Code Sample
import pandas as pd
import numpy as np
iinput = np.arange(10.0)
iinput[5] = np.nan
x = pd.Series(iinput).rolling(3).apply(lambda x: 1.0).tolist()
print(x)
Expected Output and Problem Description
One would expect that the above code would print the list:
[nan, nan, 1.0, 1.0, 1.0, 1.0, 1.0, 1.0, 1.0, 1.0]
Instead, we get the following:
[nan, nan, 1.0, 1.0, 1.0, nan, nan, nan, 1.0, 1.0]
It seems that any time the input to lambda contains nan, then nan is returned automatically. This is problematic, because it is not possible to apply a custom rolling function to a series containing nans. Doing so will return a result riddled with more nans.
Additionally, this behavior exists exclusively for rolling()
. Running the above code with expanding()
works just fine.
Output of pd.show_versions()
Comment From: jreback
min_periods
controls whether the window is skipped or not. it defaults to the window size.

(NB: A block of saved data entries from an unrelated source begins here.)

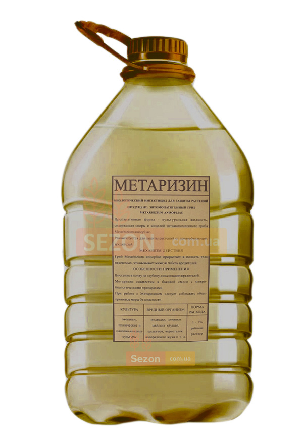 Метаризин - біопрепарат, рекомендований для захисту рослин від ґрунтомешкаючих шкідників (личинки колорадського і травневого жуків, капустянки, дротяника), а також як добрива та стимулятора росту. Препарат містить ентомопатогенні гриби Metarhizium anisopliae, що діють протягом декількох років після внесення. Перед посадкою картоплі роблять її обробку обприскуванням або замочуванням. При висадженні розсади її кореневу систему занурюють у розчин препарату чи поливають. У вегетативний період метаризин є ефективним проти трипсів, личинок довгоносиків молодого віку, а також личинок комарів.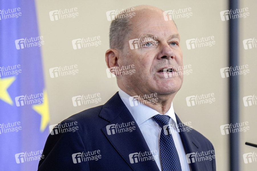 Olaf Scholz beim Pressestatement nach dem bilateralen Gespräch des amerikanischen Präsidenten mit dem Bundeskanzler im Bundeskanzleramt. Berlin, 18.10.2024
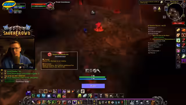 05:36:37Zu Beginn des Streams untersucht der Moderator die Lava‑Spawns im Searing Gorge, weil dort ein hoher Drop‑Rate für das Item Heart of Flame erwartet wird. Er erklärt, dass er gezielt nach den Lava‑Spinnen sucht, deren Drop‑Rate besonders hoch ist, und berichtet, dass er bereits mehrere forsøcht hat, das Item zu erhalten. Gleichzeitig bemerkt er, dass sein Haustier im Kampf gestorben ist und er deshalb seine Route anpasst, um sicherer zu farmen.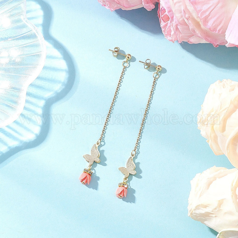 Серьги-гвоздики с кисточками из синтетического коралла, с латунными соединительными подвесками и 304 цепочками из нержавеющей стали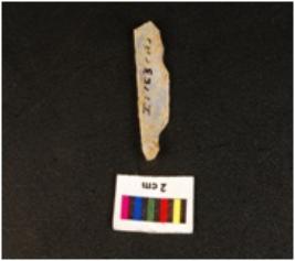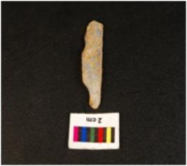 | Description / विवरण | Parallel sided blade with prominent mid ridge, triangular in section, broken at distal end, bulb on ventral, use wear along the cutting edges, covered with dust. |
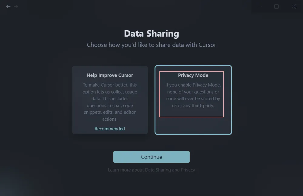 选择 privacy mode,点击 continue。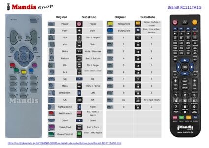 Início > Marcas > Comandos à Distância Brandt > Controle remoto para Brandt RC 111 TA 1 G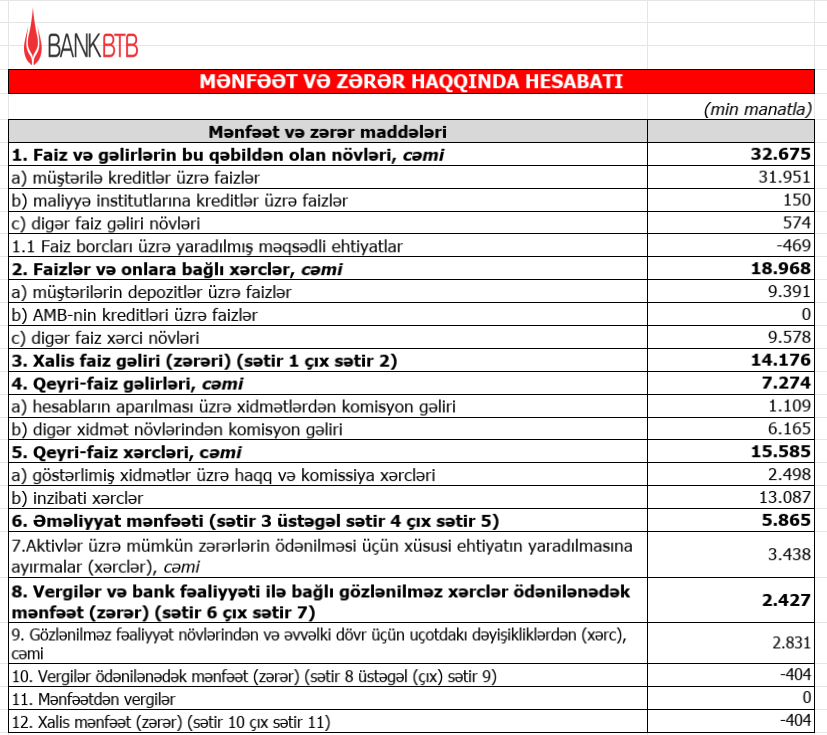 Marja.az xəbər verir ki, 2025-ci ildə “Bank BTB” 404 min manat xalis zərərlə fəaliyyət göstərib. Bu, 2024-cü ildə qeydə alınmış 839 min manat xalis zərlə müqayisədə 435 min manat və ya 51,9 faiz azalma deməkdir. Zərərin iki dəfəyə yaxın azalması Bankın əməliyyat səmərəliliyinin yüksəldiyini göstərir.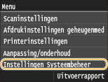 Alle instellingen voor systeembeheerinstellingen worden kort toegelicht. Standaardinstellingen worden aangegeven met een dolksymbool (  ).

In [7]: iinput = np.arange(10.0)
...: iinput[5] = np.nan
...: iinput = pd.Series(iinput)
...: x = iinput.rolling(3, min_periods=1).apply(lambda x: 1.0)
...: x
...:
Out[7]:
0 1.0
1 1.0
2 1.0
3 1.0
4 1.0
5 1.0
6 1.0
7 1.0
8 1.0
9 1.0
dtype: float64
In [8]: iinput = np.arange(10.0)
...: iinput[5] = np.nan
...: iinput = pd.Series(iinput)
...: x = iinput.rolling(3, min_periods=3).apply(lambda x: 1.0)
...: x
...:
Out[8]:
0 NaN
1 NaN
2 1.0
3 1.0
4 1.0
5 NaN
6 NaN
7 NaN
8 1.0
9 1.0
dtype: float64
Comment From: Anisalexvl
Nevertheless, if we initialize next array
array([ 0., 1., 2., 3., 4., nan, nan, nan, 8., 9.])
and implement next code
def f(x):
print(x)
return 1.
x = pd.Series(iinput).rolling(3, min_periods=1).apply(f).tolist()
print('Rolling result: ', x)
gives output
[ 0.]
[ 0. 1.]
[ 0. 1. 2.]
[ 1. 2. 3.]
[ 2. 3. 4.]
[ 3. 4. nan]
[ 4. nan nan]
[ nan nan 8.]
[ nan 8. 9.]
Rolling result: [1.0, 1.0, 1.0, 1.0, 1.0, 1.0, 1.0, nan, 1.0, 1.0]
which means that function was not applied to values, that fully filled with nans. Expected that function should apply to every value and just want to agree with @scoliann:
It seems that any time the input to lambda contains nan, then nan is returned automatically. This is problematic, because it is not possible to apply a custom rolling function to a series containing nans.